## [YOUR OBJECTIVE]
In the records below, the lines between the one holding "2022年7月,零跑C11销" and the one holding "The Els2-flanking KASP", inclusive, are to be transcribed exactly; no pictures are to be included.

## [DATA SHOWN]
Segment Open
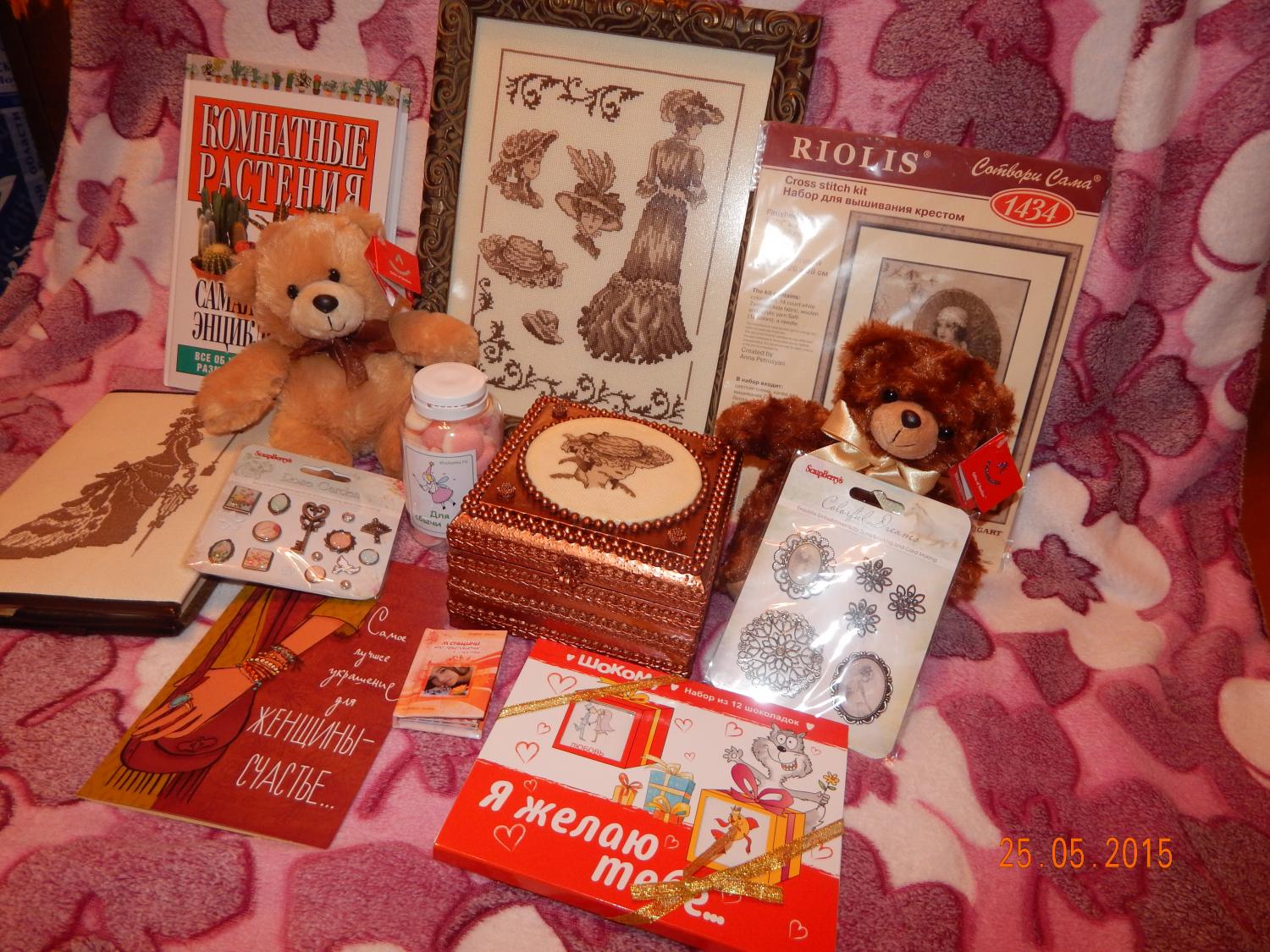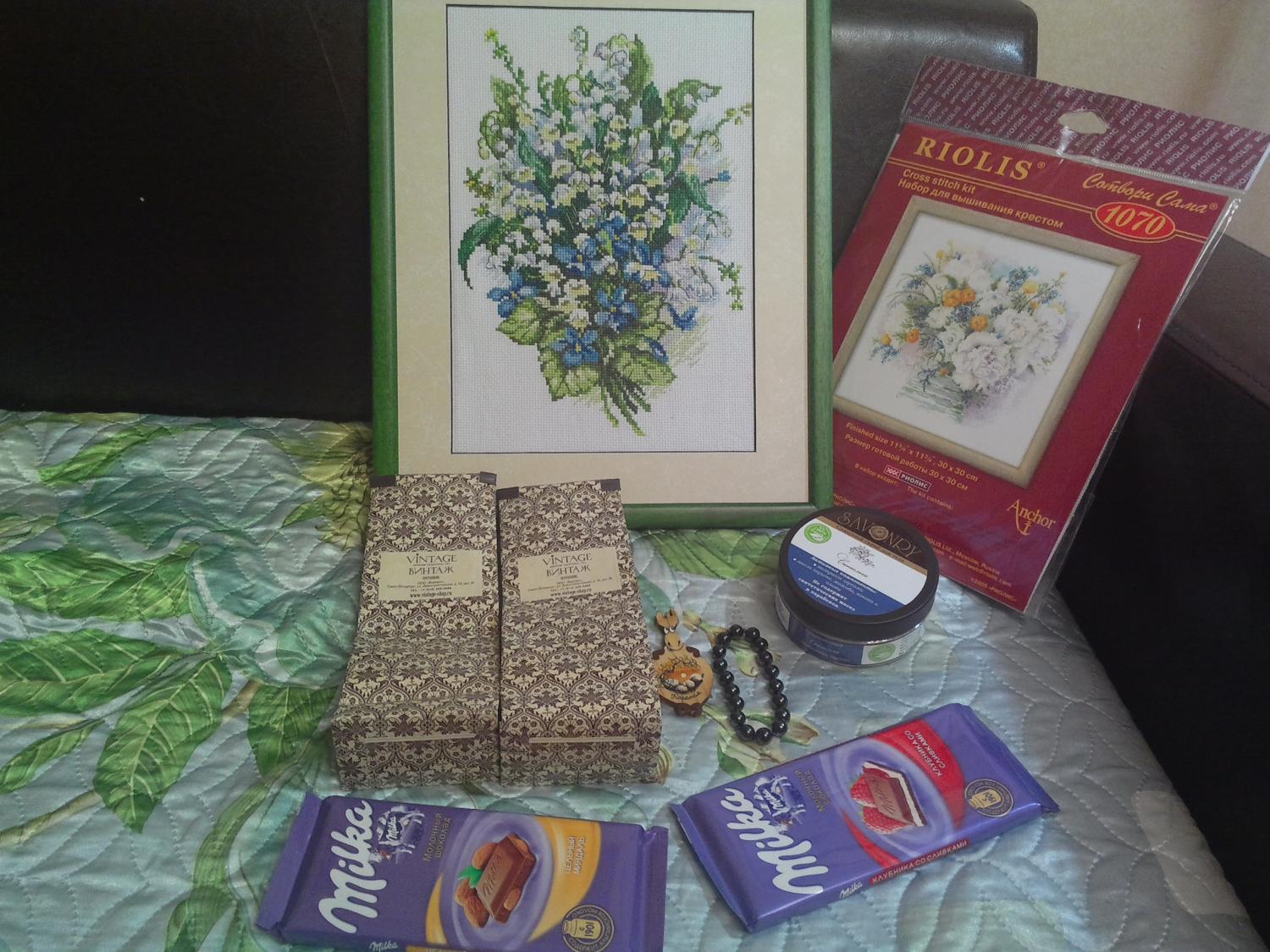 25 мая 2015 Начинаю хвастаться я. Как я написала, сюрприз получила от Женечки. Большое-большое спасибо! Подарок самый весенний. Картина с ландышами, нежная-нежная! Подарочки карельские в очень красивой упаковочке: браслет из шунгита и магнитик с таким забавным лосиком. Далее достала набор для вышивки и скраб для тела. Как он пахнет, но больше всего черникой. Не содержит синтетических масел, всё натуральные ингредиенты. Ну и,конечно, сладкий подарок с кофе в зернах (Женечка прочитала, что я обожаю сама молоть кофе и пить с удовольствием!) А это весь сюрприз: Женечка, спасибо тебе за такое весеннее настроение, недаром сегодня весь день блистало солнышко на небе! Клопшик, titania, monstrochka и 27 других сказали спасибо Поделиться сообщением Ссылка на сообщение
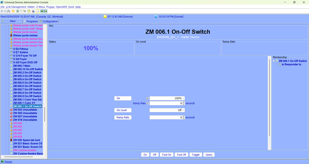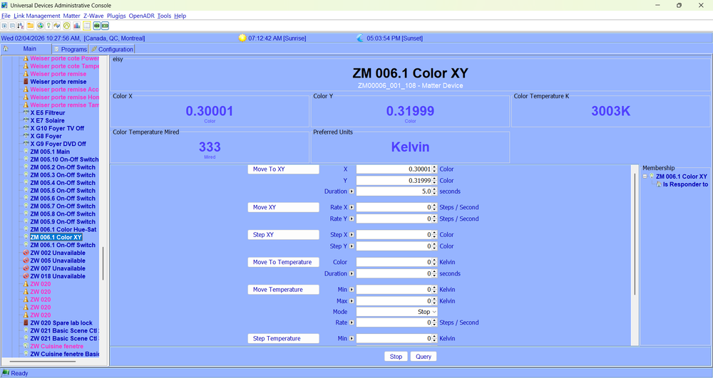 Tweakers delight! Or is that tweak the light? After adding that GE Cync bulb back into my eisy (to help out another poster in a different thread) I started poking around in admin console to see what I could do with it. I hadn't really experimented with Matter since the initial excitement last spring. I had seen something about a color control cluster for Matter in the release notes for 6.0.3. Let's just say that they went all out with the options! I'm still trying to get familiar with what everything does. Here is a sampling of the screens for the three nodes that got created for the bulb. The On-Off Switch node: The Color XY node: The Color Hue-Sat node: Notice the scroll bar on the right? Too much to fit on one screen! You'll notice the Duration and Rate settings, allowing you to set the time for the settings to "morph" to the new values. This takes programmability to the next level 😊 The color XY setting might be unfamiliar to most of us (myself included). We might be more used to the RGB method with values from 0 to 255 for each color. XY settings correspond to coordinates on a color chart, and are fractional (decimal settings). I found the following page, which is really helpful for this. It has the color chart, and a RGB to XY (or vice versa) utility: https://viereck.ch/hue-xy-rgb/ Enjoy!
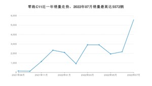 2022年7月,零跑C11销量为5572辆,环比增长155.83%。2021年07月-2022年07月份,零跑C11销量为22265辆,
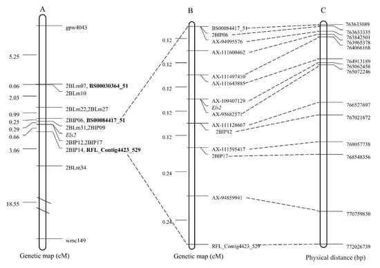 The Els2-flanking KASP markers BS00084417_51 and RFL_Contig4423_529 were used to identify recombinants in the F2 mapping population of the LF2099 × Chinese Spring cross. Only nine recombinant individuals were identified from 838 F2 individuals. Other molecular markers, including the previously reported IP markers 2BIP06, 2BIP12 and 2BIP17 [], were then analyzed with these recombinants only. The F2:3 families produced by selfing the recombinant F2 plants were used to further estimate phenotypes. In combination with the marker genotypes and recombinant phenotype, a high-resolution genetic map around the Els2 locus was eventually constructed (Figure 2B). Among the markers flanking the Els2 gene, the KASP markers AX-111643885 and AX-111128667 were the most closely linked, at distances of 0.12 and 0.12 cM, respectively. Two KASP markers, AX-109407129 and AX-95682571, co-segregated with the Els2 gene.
Segment Closed
Segment Open
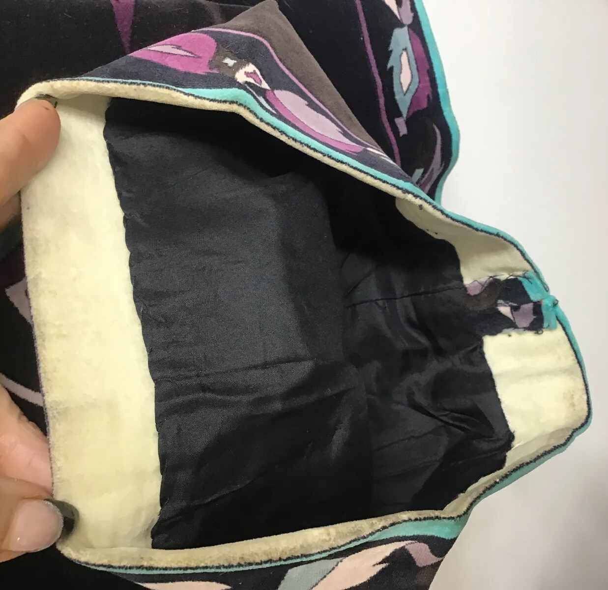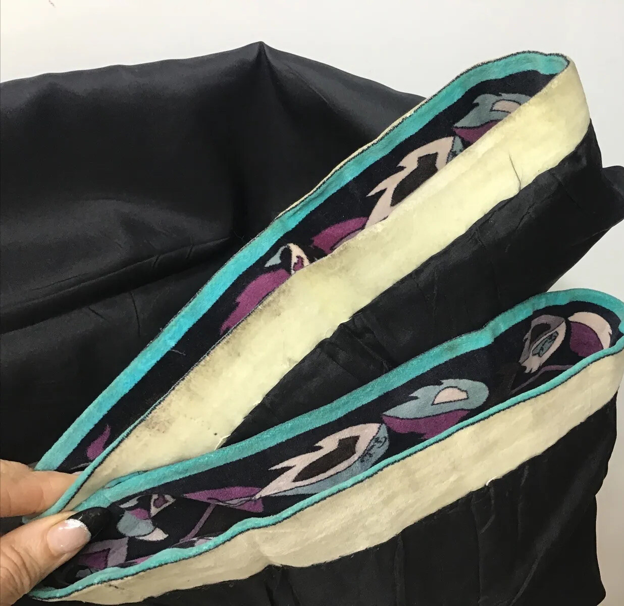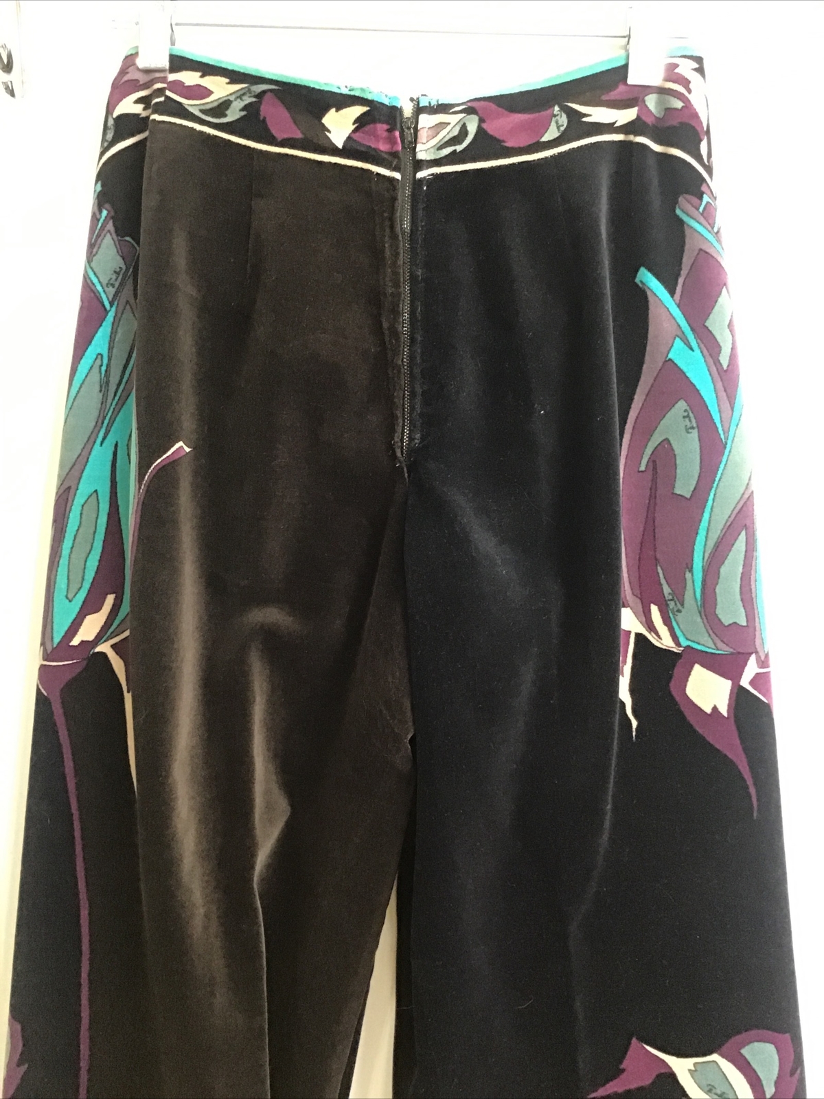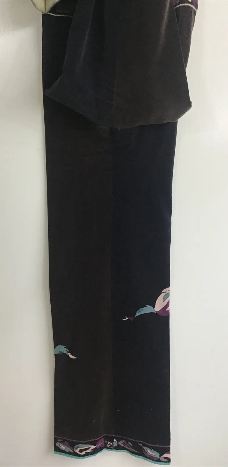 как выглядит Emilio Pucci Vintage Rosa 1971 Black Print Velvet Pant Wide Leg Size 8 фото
Segment Closed
## [EXERCISE RESPONSE]
 2022年7月,零跑C11销量为5572辆,环比增长155.83%。2021年07月-2022年07月份,零跑C11销量为22265辆,
 The Els2-flanking KASP markers BS00084417_51 and RFL_Contig4423_529 were used to identify recombinants in the F2 mapping population of the LF2099 × Chinese Spring cross. Only nine recombinant individuals were identified from 838 F2 individuals. Other molecular markers, including the previously reported IP markers 2BIP06, 2BIP12 and 2BIP17 [], were then analyzed with these recombinants only. The F2:3 families produced by selfing the recombinant F2 plants were used to further estimate phenotypes. In combination with the marker genotypes and recombinant phenotype, a high-resolution genetic map around the Els2 locus was eventually constructed (Figure 2B). Among the markers flanking the Els2 gene, the KASP markers AX-111643885 and AX-111128667 were the most closely linked, at distances of 0.12 and 0.12 cM, respectively. Two KASP markers, AX-109407129 and AX-95682571, co-segregated with the Els2 gene.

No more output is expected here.